Silver Linings Playbook

The snarky, caustic title of this post doesn’t quite convey my opinion on the film – it’s a competent act-off piece that maintains a reasonable air of entertainment for around two hours. It features a number of archly one-note characters with performers trying their damnedest to make a jazz-monster out of that note. And it’s first half in particular gives us the chaotically breezy joy of the effervescent sight of watching two negatively-minded people positively destroy each other with verbal abuse (seriously, if this film is aiming to stake its claim in the long-line of classic Hollywood romantic comedies, befitting David O. Russell’s clearly and increasingly populist mindset, he’s at least got the screwball aspect of people being as loud and snarky and mean as they possibly can in front of other people down pat).

It sacrifices a lot of the goodwill it builds up, however, by settling into a somewhat disturbingly twee indie-dramedy routine with a purpose in making dysfunctional people seem fun and cute. And if that isn’t soul-crushing enough, the second half of the film settles into a rote Hollywood formula buoyed by essentially nothing other than the performances (Russell still hasn’t emerged as a meaningful visualist, or rather, he’s lost the ability after all those years ago Three Kings). And it’s all the more shameful upon looking back at the first half, which seemed to be heading to caustically lash out at all the twee indie comedies of the 2000s with vigor by exploring how distant they were from honest humanity. When it eventually reveals itself to be … just another one of those mid-2000s indie comedies, the whole film blows up in its own face.

The end-game borders on colossal failure, unmasking a film that, while reasonably entertaining, amounts to nothing more than an attempt to have its dysfunctional, dangerous commentary on mental illness cake and eat its Hollywood Oscar-baiting crowd-pleaser cake too. In other words, it wants to feign depth and danger rather than jump headfirst into it. Because, you know, it wants to succeed at the Box Office. To this extent, whatever caustic, bitter, angry-brittle human pizzaz it opens up with, it sacrifices to the middlebrow Gods in an ending that’s played like a visual-aural parody of the happy-ending we don’t expect this film to have. Except Russell doesn’t have much interest in satire or snark at this point –  he’s playing it straight-faced –  and it collapses under its own unearned earnestness. I don’t know about you, but I like to keep my bubbly dance rom-com as far away as humanly possible from my painful dissection of mental disease. I guess that’s one of those pesky preference things, but I have the sneaking suspicion I’m onto something, and I’m sticking by it.
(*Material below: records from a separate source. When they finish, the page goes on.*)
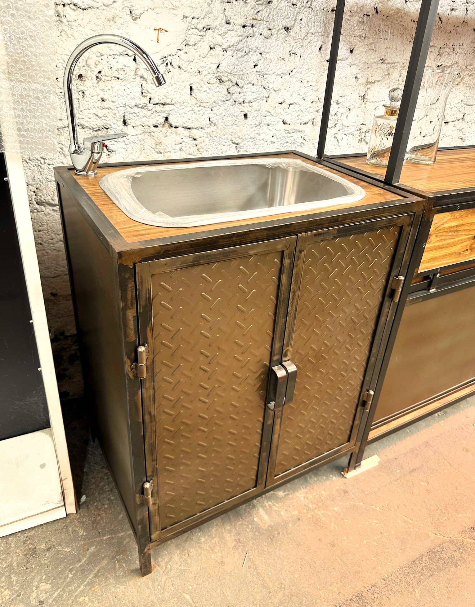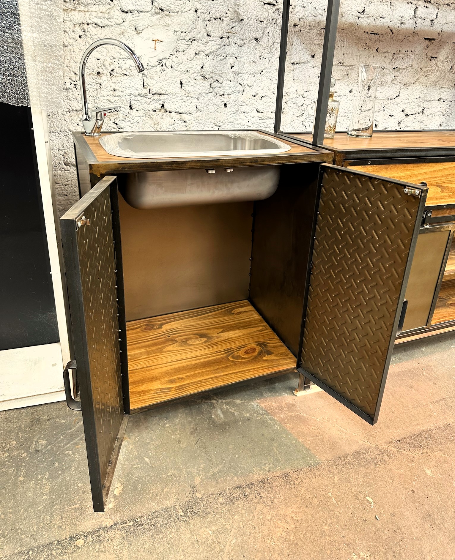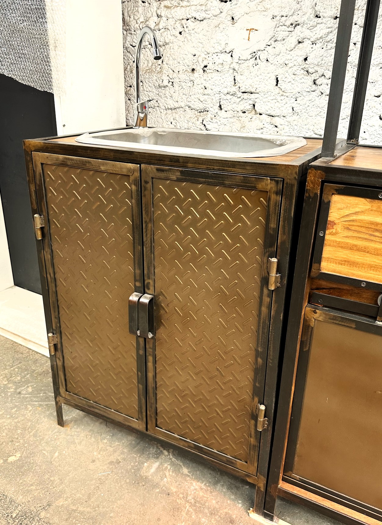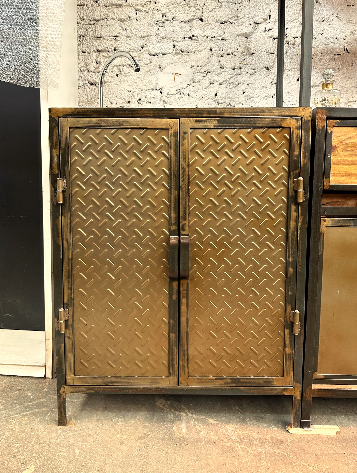 Vanitory de madera con estructura de hierro y puertas de chapa. color bronce
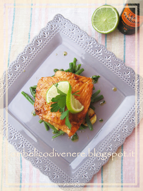 117) Le Scaloppine di Salmone in salsa worcester con verdure novelle al lime e zenzero di Tiziana
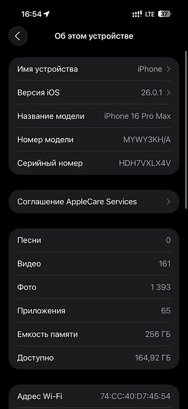 - Память: 256 ГБ (доступно 164,92 ГБ на момент скриншота)
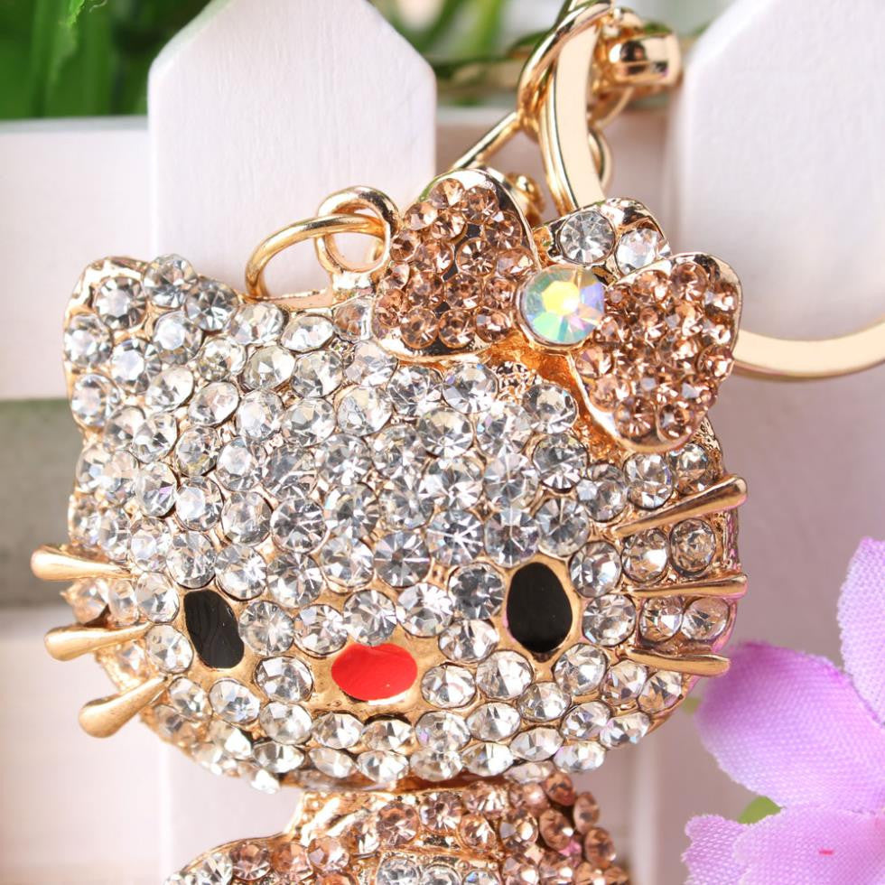 Butterfly Gold Hello Kitty Cat Cute Crystal Charm Purse Handbag Car Key Keyring Keychain Party Accessories Birthday Gift

Also of note, the Oscar-winning role for Jennifer Lawrence is for a woefully underdeveloped character who behaves erratically less because of her mental illness than because she’s not really a human-being; she’s a tool for the script-writers to define Bradley Cooper’s main character. It seems Hollywood writers still haven’t figured out how to write female characters, and the film is a rather inexcusable attempt to seem conflicted and complicated without actually having to work for it. It’s a good thing it, at least for the better part of its run-time, knows how to be breezy enough to distract from its laundry list of other issues.